В лукавых и добродушных глазах отца Сандро светилась неземная мудрость. Этакое всеведение, как у настоящих библейских пророков. Я отчетливо понимала, что усталость и потрясение, все сумбурные впечатления этого дня играют злую шутку с моим воображением, но все же не удержалась от искушения увлечься источником сияния. А может быть мне просто не хватало любящего родителя. Я спросила:
- Отец мой, как вы думаете, что ждет этого человека? - О, - отец Сандро засмеялся, - его ждут тяжелые испытания. Впрочем, вы этo и сами видите. Но также его несомненно ждет огромная слава и многие почести, возможно даже орден Святого Духа. - Вы смеетесь надо мной, господин кюре? - Отнюдь, дочь моя, я просто радуюсь. - Чему же? - подивилась я. - Тому будущему, которое я уготовил этому человеку. Оно, несомненно, будет великим, и даже я сам, пожалуй, не в силах предугадать его размах. - Вы уготовили?!
Я окончательно перестала что-либо понимать, и решила, что точно так же, как прежде заразилась чужим упоением любви, так и сейчас заражена чужим безумием. Правда, более не могла сказать, кому именно оно принадлежало.
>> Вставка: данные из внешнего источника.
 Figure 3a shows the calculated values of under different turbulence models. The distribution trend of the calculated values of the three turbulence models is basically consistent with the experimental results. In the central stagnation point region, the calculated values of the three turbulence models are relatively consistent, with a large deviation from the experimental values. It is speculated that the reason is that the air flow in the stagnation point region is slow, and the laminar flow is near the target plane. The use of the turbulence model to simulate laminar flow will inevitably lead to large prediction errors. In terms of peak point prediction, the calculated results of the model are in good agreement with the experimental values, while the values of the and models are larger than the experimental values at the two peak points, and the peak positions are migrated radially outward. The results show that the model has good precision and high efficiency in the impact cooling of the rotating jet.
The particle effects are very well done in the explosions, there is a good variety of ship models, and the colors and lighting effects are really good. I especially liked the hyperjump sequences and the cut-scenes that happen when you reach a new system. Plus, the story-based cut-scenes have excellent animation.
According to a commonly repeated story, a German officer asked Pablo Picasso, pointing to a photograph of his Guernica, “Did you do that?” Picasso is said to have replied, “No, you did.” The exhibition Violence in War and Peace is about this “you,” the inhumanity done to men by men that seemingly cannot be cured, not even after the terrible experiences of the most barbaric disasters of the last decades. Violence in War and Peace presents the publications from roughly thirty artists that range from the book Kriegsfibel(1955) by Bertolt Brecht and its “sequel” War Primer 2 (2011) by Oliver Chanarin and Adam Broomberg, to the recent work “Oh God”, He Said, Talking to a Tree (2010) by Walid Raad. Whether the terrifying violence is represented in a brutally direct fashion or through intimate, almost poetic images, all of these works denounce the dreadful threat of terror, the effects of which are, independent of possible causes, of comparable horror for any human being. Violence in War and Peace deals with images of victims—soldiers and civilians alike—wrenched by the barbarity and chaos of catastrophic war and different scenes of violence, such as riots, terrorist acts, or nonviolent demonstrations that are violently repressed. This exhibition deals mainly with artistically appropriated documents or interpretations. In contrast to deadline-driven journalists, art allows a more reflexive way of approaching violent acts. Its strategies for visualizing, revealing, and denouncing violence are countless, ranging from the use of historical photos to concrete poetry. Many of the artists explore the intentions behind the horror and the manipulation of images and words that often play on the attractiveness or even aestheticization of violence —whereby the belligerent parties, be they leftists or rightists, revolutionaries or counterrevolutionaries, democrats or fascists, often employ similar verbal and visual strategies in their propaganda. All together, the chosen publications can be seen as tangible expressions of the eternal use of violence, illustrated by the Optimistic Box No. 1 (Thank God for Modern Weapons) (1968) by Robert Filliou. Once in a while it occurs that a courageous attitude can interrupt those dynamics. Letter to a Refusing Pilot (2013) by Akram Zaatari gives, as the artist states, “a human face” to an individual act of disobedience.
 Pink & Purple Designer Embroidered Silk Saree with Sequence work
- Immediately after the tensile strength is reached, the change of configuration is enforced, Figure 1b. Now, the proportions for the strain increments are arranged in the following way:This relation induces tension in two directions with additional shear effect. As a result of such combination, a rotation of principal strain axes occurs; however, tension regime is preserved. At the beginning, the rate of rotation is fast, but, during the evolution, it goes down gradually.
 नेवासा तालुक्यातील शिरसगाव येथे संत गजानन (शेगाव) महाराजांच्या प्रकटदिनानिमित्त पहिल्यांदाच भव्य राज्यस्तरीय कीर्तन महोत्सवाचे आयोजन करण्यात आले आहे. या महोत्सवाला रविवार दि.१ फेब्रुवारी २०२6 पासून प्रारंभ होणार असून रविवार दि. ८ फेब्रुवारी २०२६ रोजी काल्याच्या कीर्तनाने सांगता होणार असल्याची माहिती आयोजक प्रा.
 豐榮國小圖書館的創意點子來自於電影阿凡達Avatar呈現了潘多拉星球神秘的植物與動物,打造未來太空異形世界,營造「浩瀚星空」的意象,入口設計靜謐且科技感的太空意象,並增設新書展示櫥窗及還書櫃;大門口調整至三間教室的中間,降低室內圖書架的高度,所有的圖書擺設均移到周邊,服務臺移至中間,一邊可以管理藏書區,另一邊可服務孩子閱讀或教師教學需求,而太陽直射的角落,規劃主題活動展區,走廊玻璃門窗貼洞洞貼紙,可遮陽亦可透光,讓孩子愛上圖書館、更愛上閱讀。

-Идите спать, дочь моя, вы очень утомились, - он по-отечески поцеловал меня в лоб, и добавил: - Гомера я вам занесу, чтоб в этой пустоте, которую, господи боже мой, даже я не в силах вообразить, вам не было так скучно. А все остальное вам послышалось.
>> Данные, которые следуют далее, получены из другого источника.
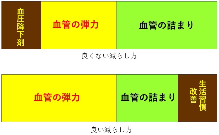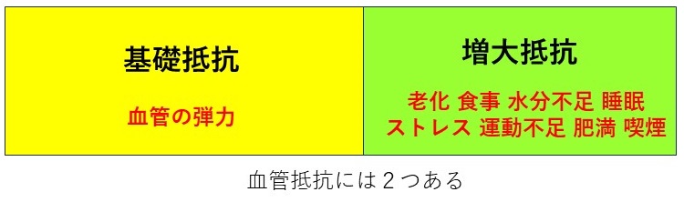 血管抵抗減らすためにプラークなどの詰まりを除去して、増大分を減らすのはよいことですが、血管の弾力を失わせてはいけません。血管の弾力は血管の基礎抵抗であり、それは子供や若者にもあって、重力に抗して血液を循環させるための必須の力なのです。
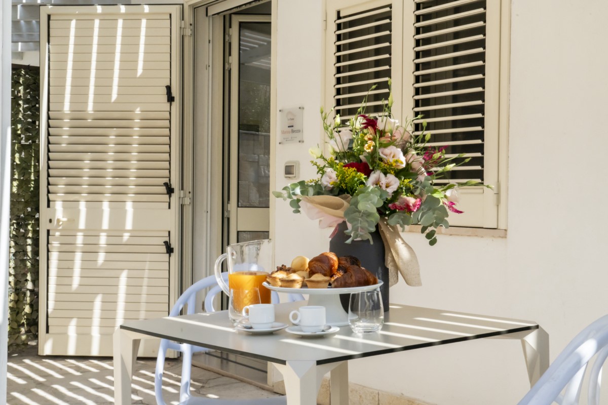 La casa Vacanza dispone di veranda esterna arredata con tavolo e sedie, a pochi passi dalla spiaggia di Torre Chianca.
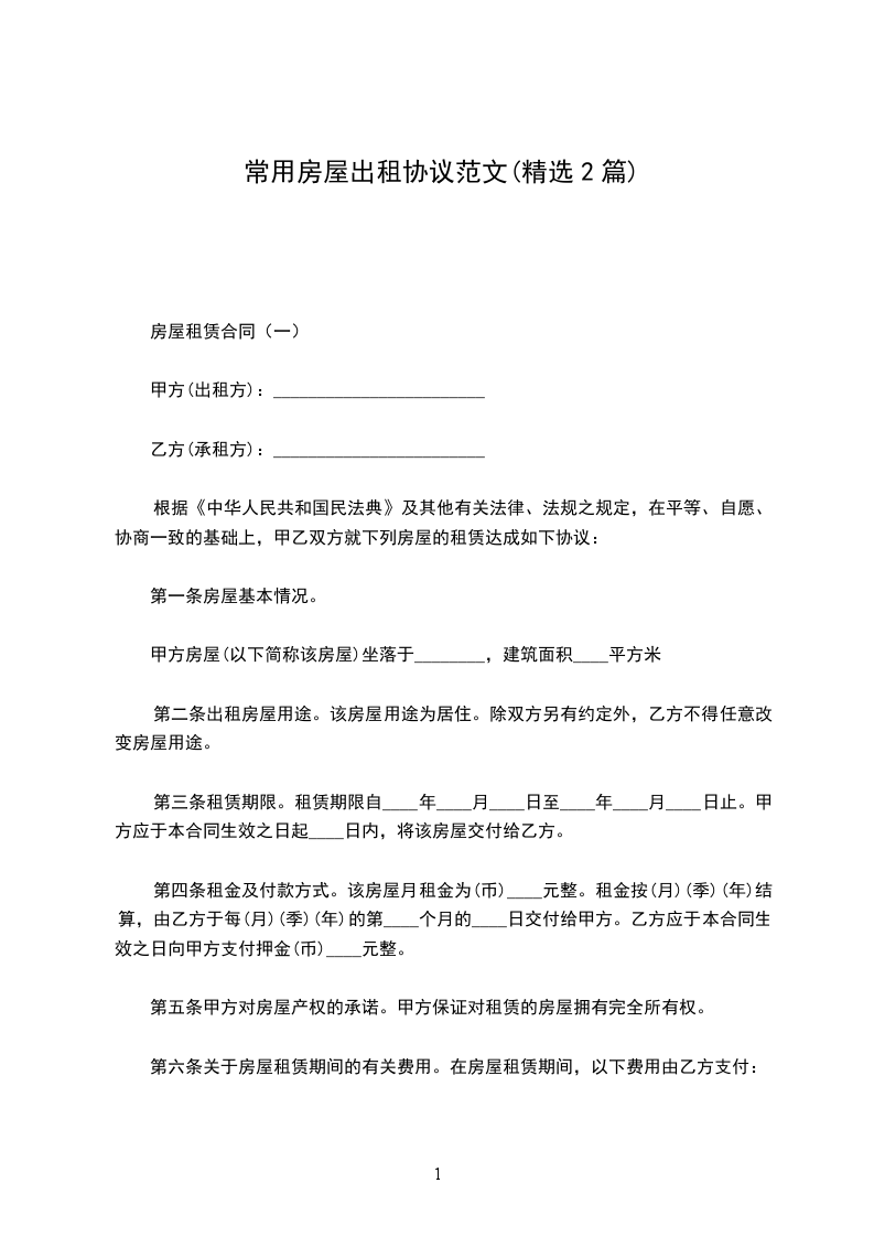 第二条出租房屋用途。该房屋用途为居住。除双方另有约定外,乙方不得任意改变房屋用途。
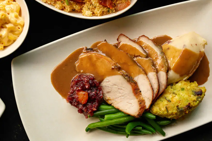 Olivia’s Café: Stop by Olivia’s for their Traditional Thanksgiving Feast. Roasted turkey breast, with roasted garlic mashed potatoes, green beans, cornbread stuffing, cranberry sauce, and gravy come together for a delicious spread. Available November 24th only.
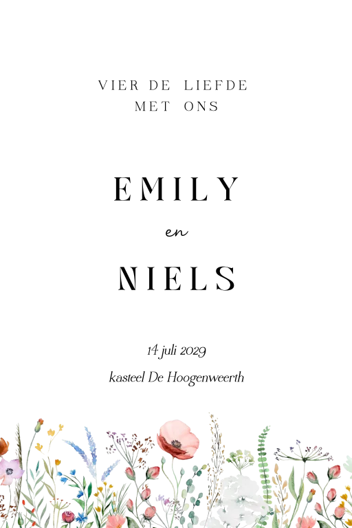 Romantisch welkomstbord met veldbloemen voor jullie bruiloft. De kleurrijke bloemen aan de onderzijde geven het ontwerp een speelse en zomerse uitstraling. Ideaal voor een buitenbruiloft of ceremonie in de natuur. Voeg eenvoudig jullie namen, datum en locatie toe in de editor en maak het bord persoonlijk.
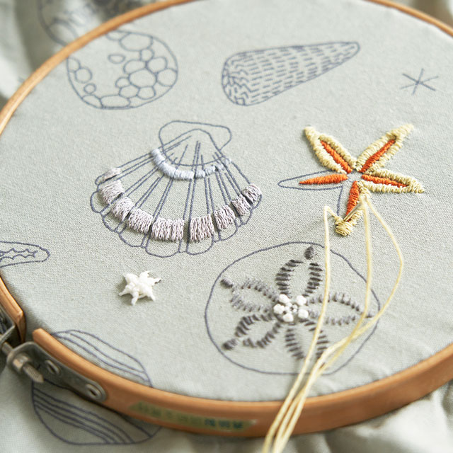 刺繍作家atsumiさんデザインのオリジナル図案、指示書、刺繍に必要な道具がキットになっているので、気軽に始められます。
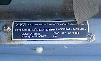 e o nome da empresa russa, assim como o número de série do drone: “355”. A placa
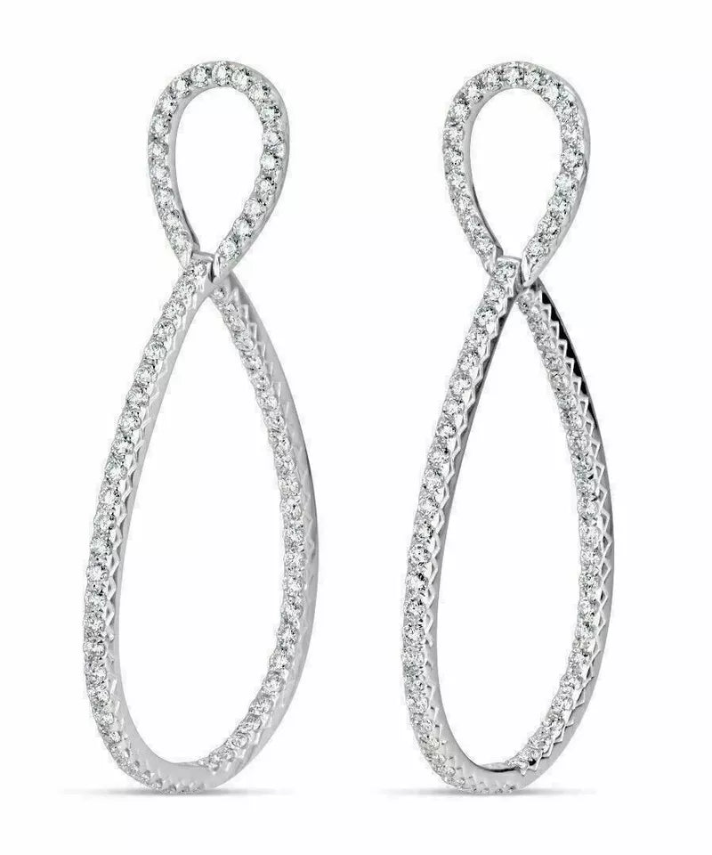 ESTATE LARGE 2.25CT DIAMOND 18KT WHITE GOLD LOVE KNOT INFINITY HANGING EARRINGS

Глава восьмая, краткая, в которой хозяйка сперва болеет, а потом выздоравливает
Не помню точно, когда я пробудилась ото сна, полного кошмарных сновидений. За окнами все еще или опять было темно. Я не раздевалась - так и заснула в платье и в накидке, а проснулась больной, не в силах встать с постели. В голове гудело, словно я сама выпила безмерное количество вина и не умела различить, что из происшедшего мне привиделось, а что случилось на самом деле.
Приложив усилие, я вспомнила, что сегодня должно быть воскресенье. Я снова попыталась встать, но попытка была тщетной - комната закружилась, тело меня не слушалось. Видимо, я давненько не заболевала, потому что впервые осознала, что в подобной плачевной ситуации мне решительно не к кому обратиться. Поэтому я осталась лежать в постели, жалея себя и оплакивая собственное одиночество.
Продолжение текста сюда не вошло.